[[ Extracted records open ]]
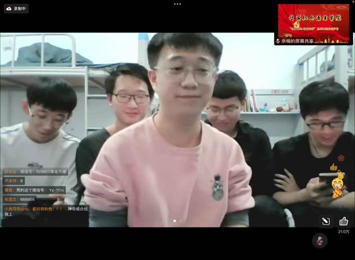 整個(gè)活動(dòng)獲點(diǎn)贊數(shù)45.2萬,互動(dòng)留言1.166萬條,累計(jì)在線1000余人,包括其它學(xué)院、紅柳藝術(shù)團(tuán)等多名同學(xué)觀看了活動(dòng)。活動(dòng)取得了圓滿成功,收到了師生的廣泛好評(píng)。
[[ Extracted records closed ]]
[[ Extracted records open ]]
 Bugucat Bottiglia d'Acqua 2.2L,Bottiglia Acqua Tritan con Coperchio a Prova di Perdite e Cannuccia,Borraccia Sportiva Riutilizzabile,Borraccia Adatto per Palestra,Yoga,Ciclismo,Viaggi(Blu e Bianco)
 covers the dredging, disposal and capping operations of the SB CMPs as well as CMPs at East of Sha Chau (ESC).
[[ Extracted records closed ]]
◆ **About this task**
From the listing above, return the lines starting at the one with "Bugucat Bottiglia d'Acqua" and ending at the one with "covers the dredging, disposal", both kept, exactly as they appear and nothing more.

◆ **Reply to the exercise**
 Bugucat Bottiglia d'Acqua 2.2L,Bottiglia Acqua Tritan con Coperchio a Prova di Perdite e Cannuccia,Borraccia Sportiva Riutilizzabile,Borraccia Adatto per Palestra,Yoga,Ciclismo,Viaggi(Blu e Bianco)
 covers the dredging, disposal and capping operations of the SB CMPs as well as CMPs at East of Sha Chau (ESC).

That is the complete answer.